In mutt-land we see almost no threading at all:
23Jul2022 06:24 Olha via Discus - ┌>[Py] [Users] I need an advise discuss-users 5.7K
22Jul2022 17:12 Paul Jurczak vi - ├>[Py] [Users] I need an advise discuss-users 5.5K
22Jul2022 13:21 Rob via Discuss - ├>[Py] [Users] I need an advise discuss-users 6.8K
22Jul2022 12:53 vasi-h via Disc - ├>[Py] [Users] I need an advise discuss-users 5.5K
22Jul2022 11:38 Cameron Simpson - ├>[Py] [Users] I need an advise discuss-users 14K
22Jul2022 10:27 Rob via Discuss - ├>[Py] [Users] I need an advise discuss-users 6.6K
22Jul2022 06:14 vasi-h via Disc r ┴>[Py] [Users] I need an advise discuss-users 6.5K
which is because every message’s In-Reply-To points directly at the
fictitious “topic” message-id. Mutt probably ignores the References
because it is a mail reader, and References originates in USENET news.
Maybe Thunderbird is using the references or augumenting the in-reply-to
with references information.
You only need to consult one of In=-Reply-To or References to do
threading; the former comes from email and the latter from USENET.
You’re supporting both (which is great!) so we need to make them
consistent.
(Aside: there’s also discussion about USENET mirroring, because several
python people consume the lists via a USENET interface. Again, a
separate topic.)
[…]
[quote=“Cameron Simpson, post:8, topic:233499,
username:cameron-simpson”]
This looks fine. Does it save this id with the db record so that inbound
replies can be tied to the antecedant forum message?
[/quote]
The answer is – it depends. If a post is created in Discourse from an inbound email, such as this one of yours, we use that post’s original inbound Message-ID when someone replies to it for the In-Reply-To and References headers as per:
discourse/lib/email/sender.rb at 98bacbd2c6b9fe57167cd32af5eb4839b4a5d1f6 · discourse/discourse · GitHub
Otherwise we are just using the topic OP reference and just generating a new reference, which obviously is what is causing all the issues. In all cases we generate a new Message-ID every time an outbound email is sent, which seems correct and on par with other mail clients.

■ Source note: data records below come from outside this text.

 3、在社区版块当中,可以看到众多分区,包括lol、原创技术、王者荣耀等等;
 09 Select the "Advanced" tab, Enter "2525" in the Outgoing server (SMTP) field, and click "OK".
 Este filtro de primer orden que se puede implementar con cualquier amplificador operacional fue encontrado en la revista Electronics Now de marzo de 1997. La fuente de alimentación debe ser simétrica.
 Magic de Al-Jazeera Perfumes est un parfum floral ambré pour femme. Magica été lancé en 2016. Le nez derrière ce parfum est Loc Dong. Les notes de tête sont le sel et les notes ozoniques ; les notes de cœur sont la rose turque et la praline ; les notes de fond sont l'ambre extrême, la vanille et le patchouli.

Alas, not quite. If you’re the origin of the message (i.e. authored in
Discourse), generating the message-id is fine. If there’s no message-id
(illegal) generating one is standard practice (usually by MTAs). But if
you’re passing a message on (authored in email), the existing message-id
should be preserved.
To my mind you need to be doing 3 things:
- having a stable message-id and not replacing the message-id from an
inbound message
- generating correct
In-Reply-To, which is easily computed from the
immediate antecedant message(s) i.e. antecedant(s)-Message-ID
- generating correct
References, which is easily computed as
antecedant-References + antecedant-Message-ID
For point 1, looking at the code you cite, you probably want the email
message id to be (Pythonish syntax, sorry):
def message_id(post):
return post.incoming_email.message_id or discourse_message_id(post)

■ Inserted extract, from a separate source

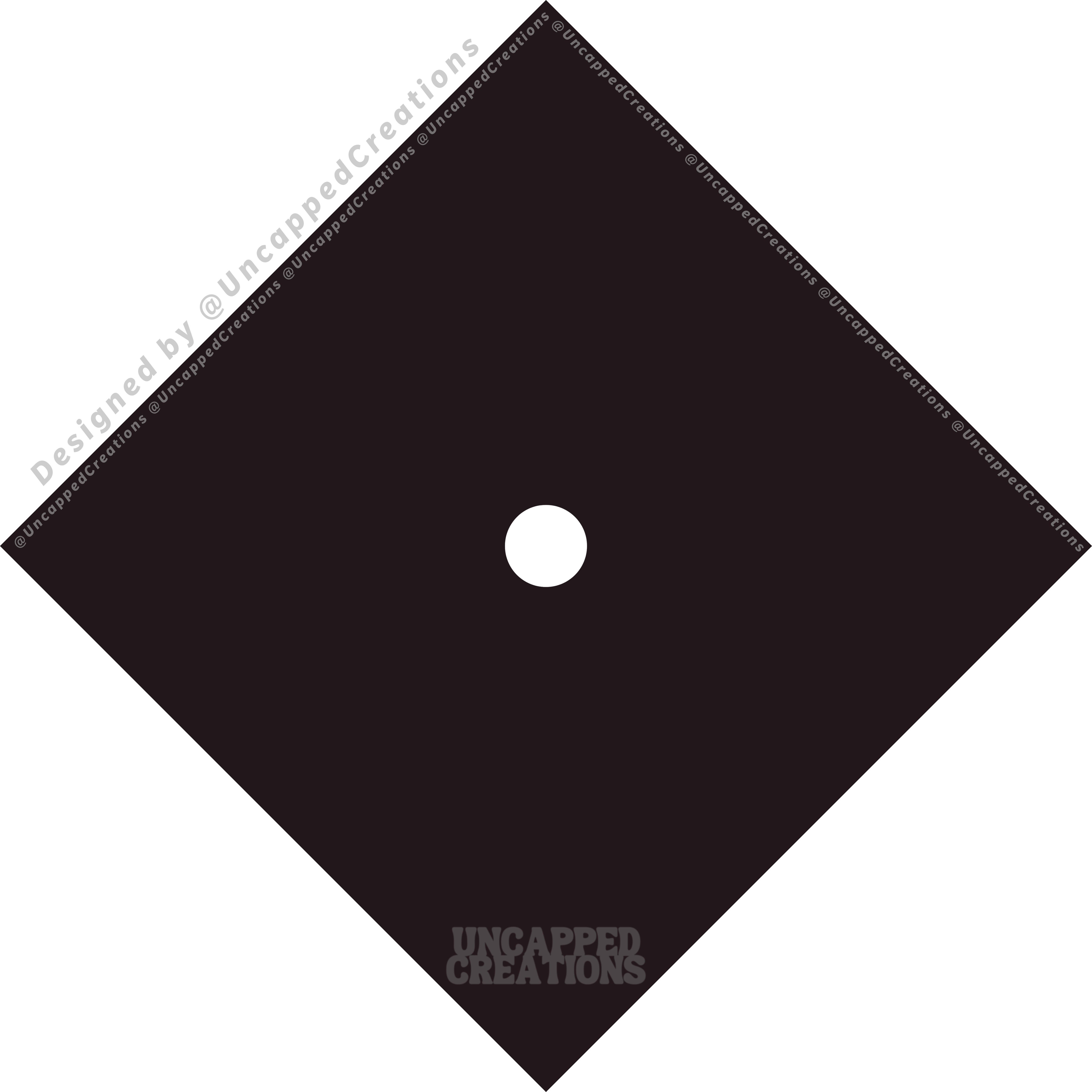 Design is 9.5 x 9.5 inches with an approximate 1 inch hole in the center and double sided adhesive in the back. Design is printed on cardstock, not hand painted. The topper will fit the standard 9 x 9 inches graduation cap / mortar board. (If you need a different size, please let me know the size IN INCHES that you need it for.)

i.e. to be the post’s email message-id if it originated from email,
otherwise the Discourse message-id using something like the algorithm
you outline later in this message: anything (a) stable and (b)
syntacticly valid.
Then computing the In-Reply-To and References fields is simple
mechanical stuff as in points 2 and 3.
I think I see what you mean, does it go like this:
- cameron sends email to Discourse from mutt which gets
Message-ID: 74398756983476983@mail.com
- Discourse creates a post and stores the
Message-ID with against the post with an IncomingEmail record
Correct.
- johndoe is watching the topic, so they get sent an email from Discourse with a
Message-ID: topic/222/44@discourse.com and no reference to the original Message-ID: 74398756983476983@mail.com
No. You really want to pass through IncomingEmail.message_id as the
Message-ID in the email to johndoe. It’s the same message.
Does that sound correct, that we should just “pass on” that Message-ID to those watching the topic instead of generating our own since it’s already unique? What then happens in johndoe’s mail client if
cameron also CC’d him on that original outbound message? This does sound like a separate issue so it would be good to open another bug topic for it.
By passing it on, the original message (cameron->cc:johndoe) and the
Discourse forwarded message (cameron->Discourse->johndoe) have the same
message-id and the same message contents. The receiving mail system
stores both. The mail reader sees both, and either presents both or
keeps just one (this is a policy decision of the mail reader - keeping
just one is common). Because they’re the same message, in general it
does not matter which is kept.
If we ignored discourse and considered a message which was
a copy of the message via the list and also via direct email. They’re
the same message, with the same message-id.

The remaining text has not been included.